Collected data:
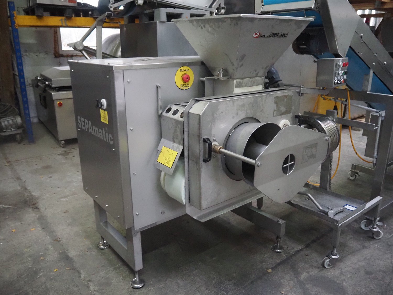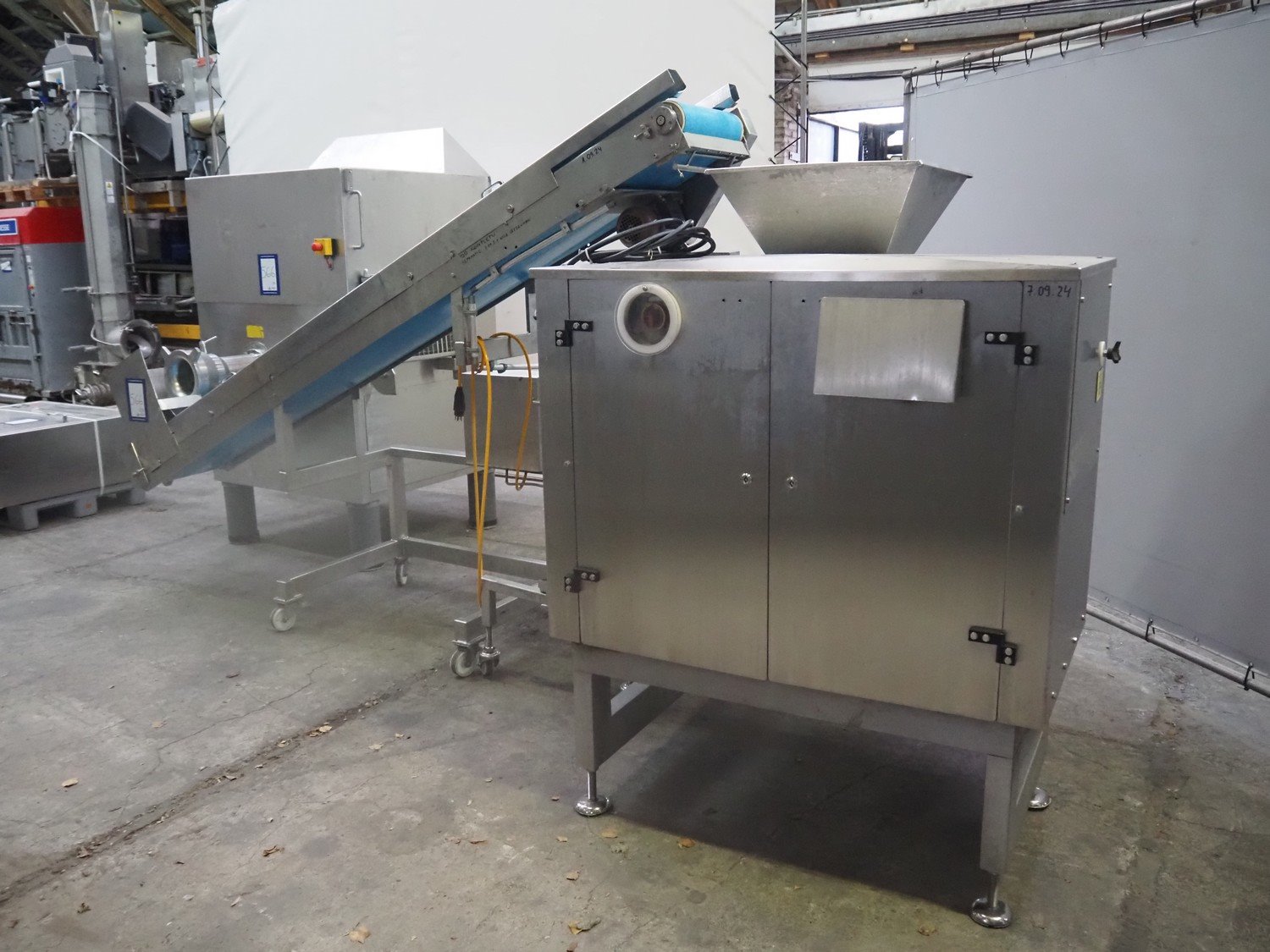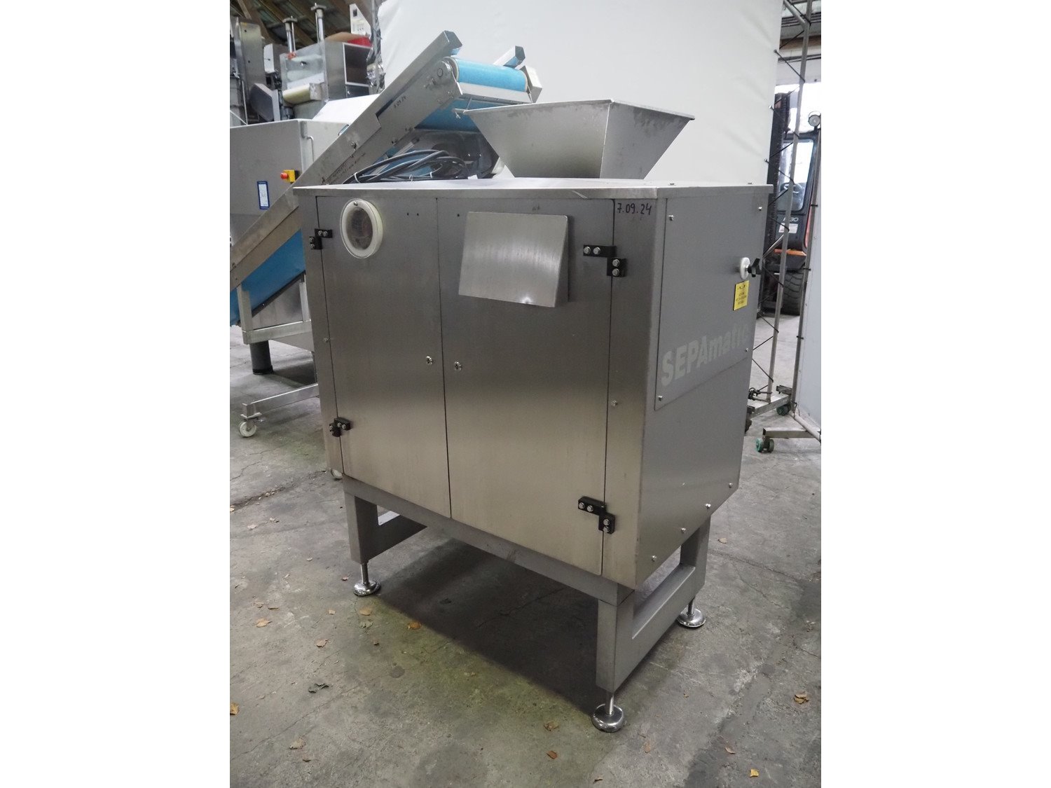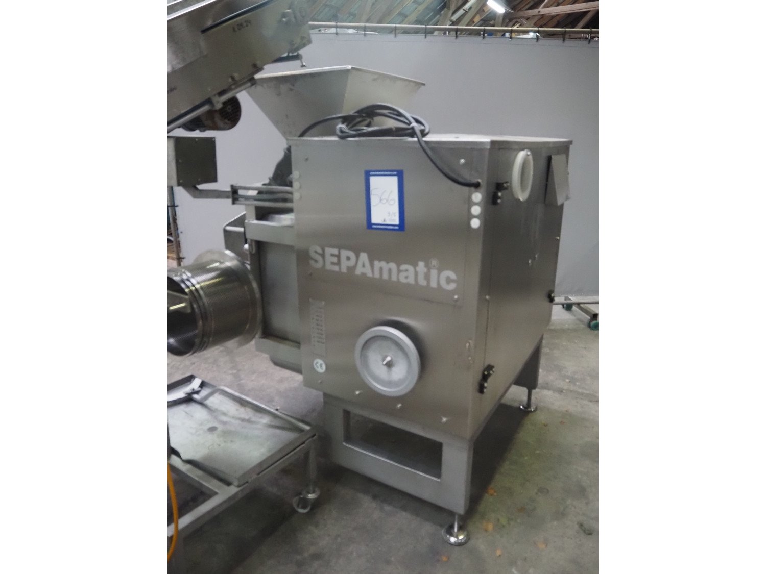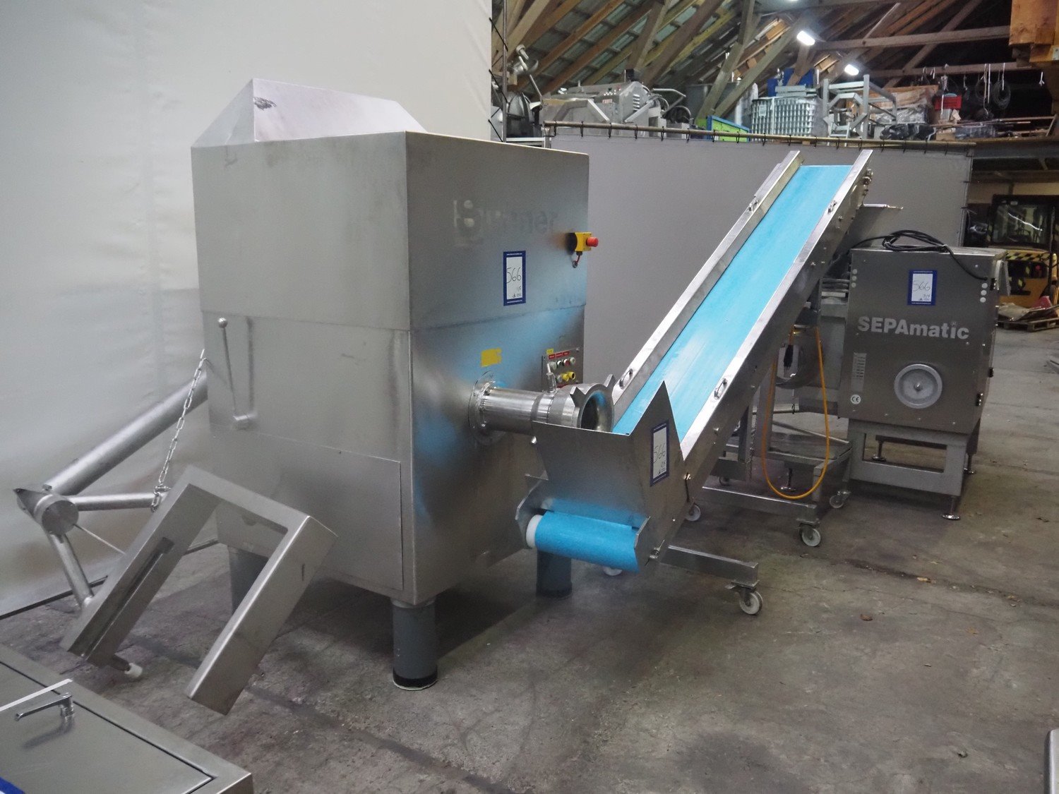 Grinder / separator line, consisting of: Seydelmann mixer-grinder with lifter for 200 liter meat bins, type: MG160B, machine number: 92379-1, 380 V, 50 Hz, 70 A, plate diameter: 160 mm, dimensions: 2000 mm x 1700 mm x 2200 mm. Switch cabinet, dimensions: 1230 mm x 1000 mm x 600 mm. Mobile elevating belt, s/s frame, plastic belt, belt width: 370 mm, elevating height: 1950 mm, total dimensions: 2950 mm x 850 mm x 2080 mm. Sepamatic separator, type: SEPA 1200, machine number: 195712, 400 V, 50 Hz, 12 A, 6 kW, 24 volt, plastic belt, belt width: 180 mm, perforations: 3 mm, total dimensions: 1500 mm x 1400 mm x 1750 mm. S/s trolley with extra drum, perforations: 4 mm, total dimensions: 850 mm x 700 mm x 1100 mm.
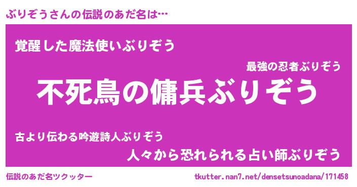 | 女子向けラノベタイトル風あだ名 | 『ぶりぞう姫と円卓の騎士』 |
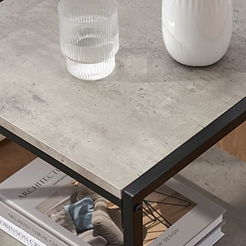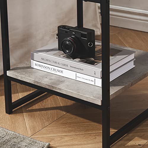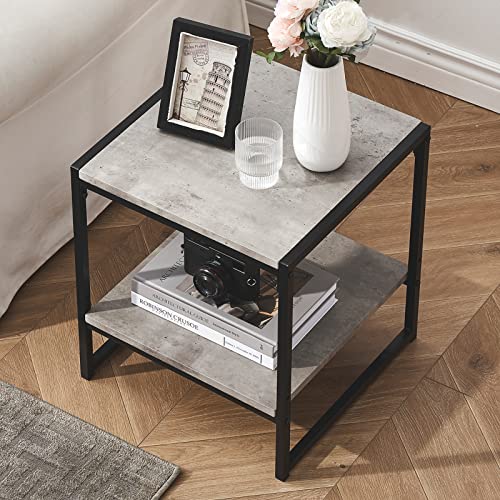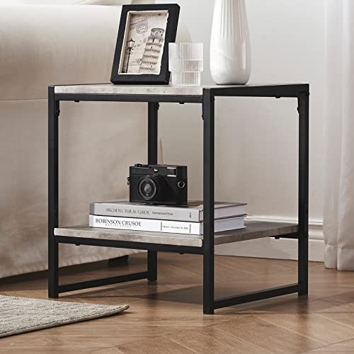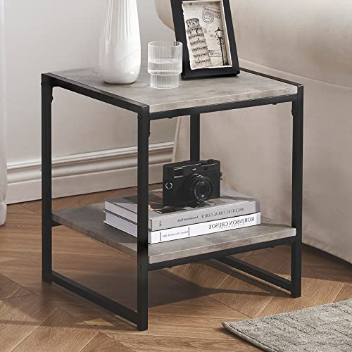 SHOCOKO - طاولة جانبية بتصميم منتصف القرن لغرفة المعيشة، طاولة جانبية مربعة مع مساحة تخزين، طاولة جانبية عصرية مع اطار معدني قوي، لون رمادي
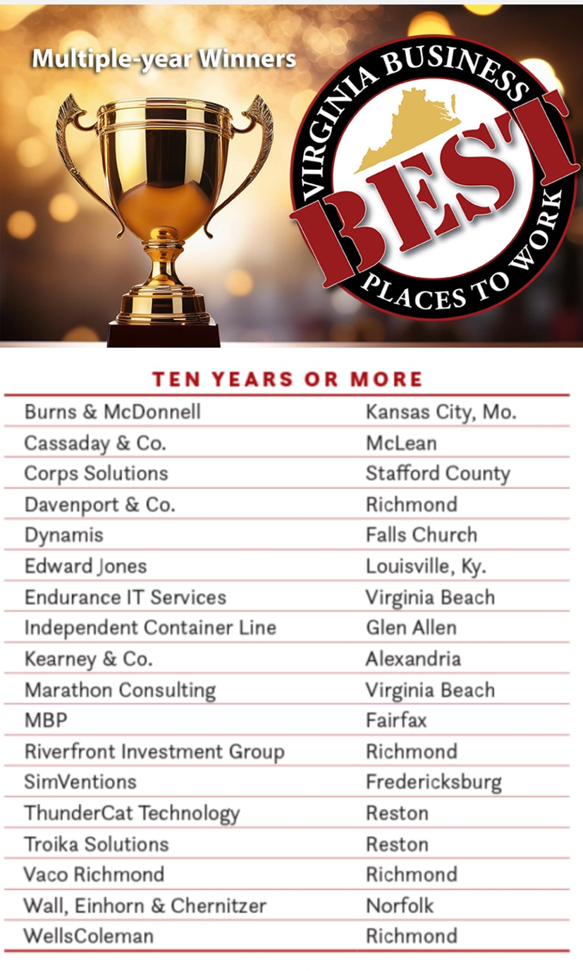 This statewide survey and awards program is designed to identify, recognize and honor the best places of employment in Virginia, benefiting the state's economy, its workforce and businesses. The Best Places to Work in Virginia list is made up of 100 companies. Companies from across the state entered the two-part survey process to determine the Best Places to Work in Virginia. The first part consisted of evaluating each nominated company's workplace policies, practices, philosophy, systems and demographics. The second part consisted of an employee survey to measure the employee experience.
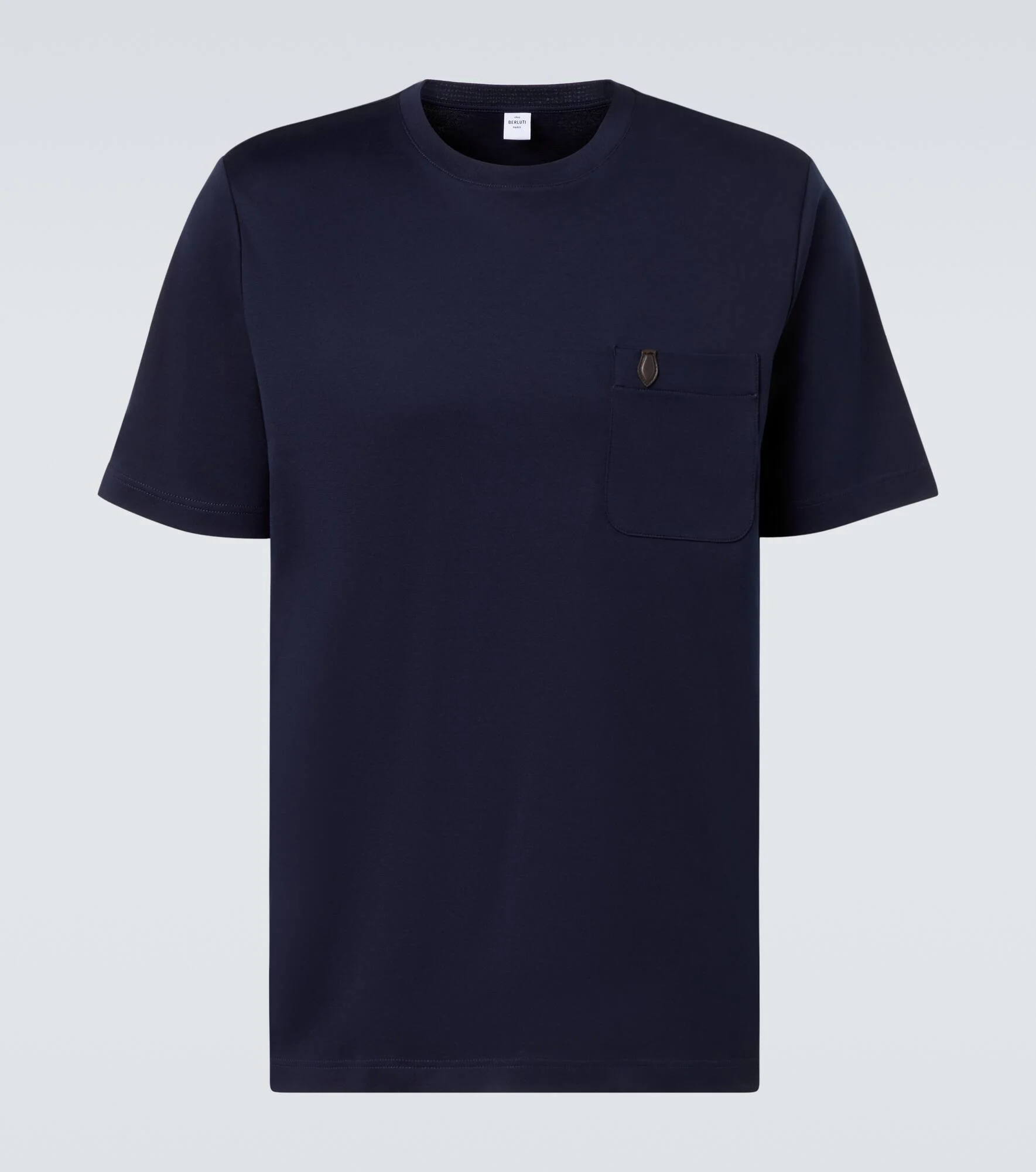 Build your capsule wardrobe with elevated iterations of closet staples, like this T-shirt from Berluti. The design is crafted from cotton jersey and is topped with a tonal patch pocket. Product Details - Material: 100% cotton - Care instructions: machine wash at 30 degrees - Made in Italy - Designer color name: Marine - Item color: blue - Details: 100% calf leather - Collar: crewneck - Pockets: patch - Item number: P01067202 Size & Fit - True to size - Straight fit - Stretchy fabric - Falls below the hip - Height of model is 189cm-74.5" and wears a size L
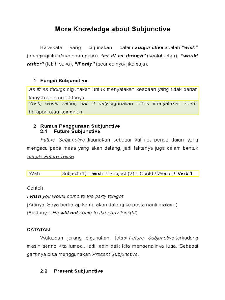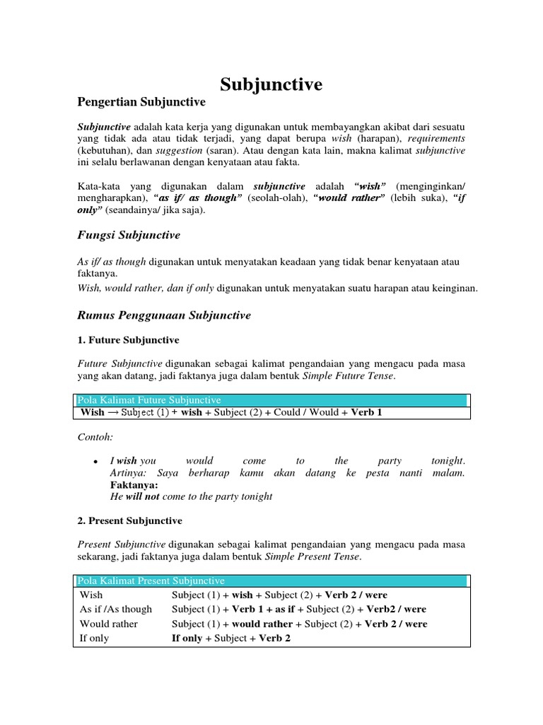 Apakah kalian sudah pernah mendengar istilah present subjunctive wish? Contoh kalimat yang menggunakan rumus to be adalah: This time i would like to post about subjunctive. Berikut contoh kalimat bahasa inggris simple present tense baca juga: Arti in a nutshell, contoh kalimat, dan cara penggunaannya.
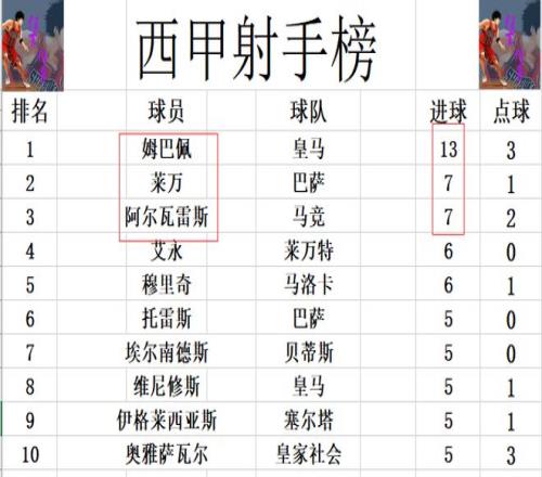 射手榜方麵,姆巴佩火力很猛,場均超過1球,12輪打入13球高居榜首。萊萬和阿爾瓦雷斯7球並列第2,艾永,穆裏奇6球並列第4。維尼修斯,埃爾南德斯,托雷斯等人5球剛好擠入前十。
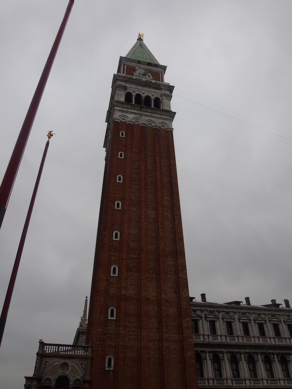 サンマルコ広場にあります。まわりが落ち着いた灰色の建物だったのに比べて、鐘楼だけは赤いレンガ色でとても目立って見えました。きれいないろをしていました。存在感がありよかったです。大きすぎで写真に収めきれませんでした。
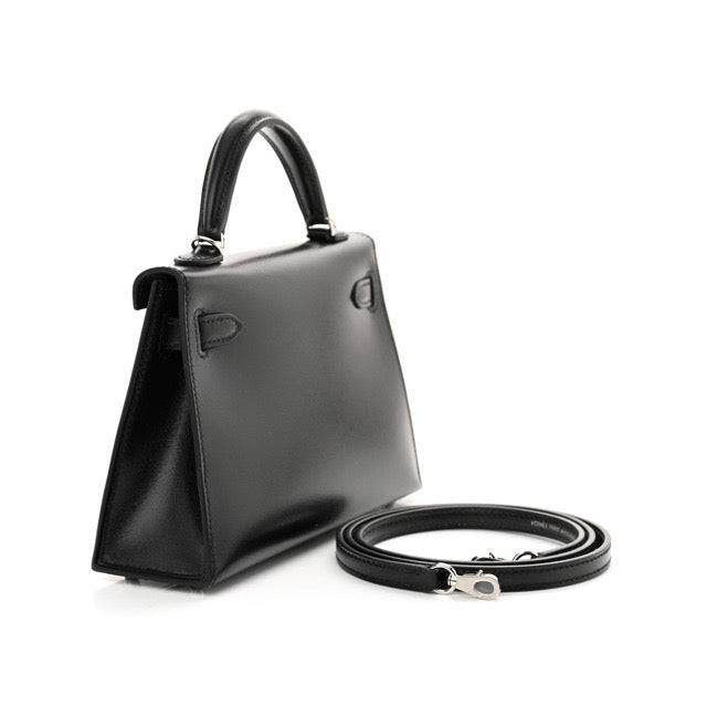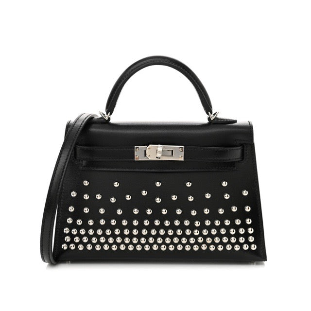 HERMES MINI KELLY 2 SELLIER 20 CLOUTE LIMITED EDITION BLACK BOX CALFSKIN SILVER HARDWARE
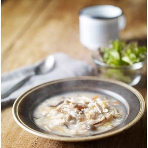 ●きのこがたっぷり入った玄米ともち麦のぷちぷち食感、お出汁が効いたやさしいスープごはんに仕上げました。
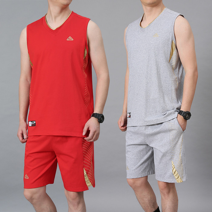 背心短褲套裝男純棉透氣加肥加大中年休閒晨練運動跑步健身籃球服

YOUR ASSIGNMENT — Would you transcribe the lines above exactly, going from the line bearing "女子向けラノベタイトル風あだ名 | 『ぶりぞう姫と円卓の騎士』 |" through the line bearing "SHOCOKO - طاولة", and drop the pictures from the copy?

SOLUTION TO THIS PROBLEM —
 | 女子向けラノベタイトル風あだ名 | 『ぶりぞう姫と円卓の騎士』 |
 SHOCOKO - طاولة جانبية بتصميم منتصف القرن لغرفة المعيشة، طاولة جانبية مربعة مع مساحة تخزين، طاولة جانبية عصرية مع اطار معدني قوي، لون رمادي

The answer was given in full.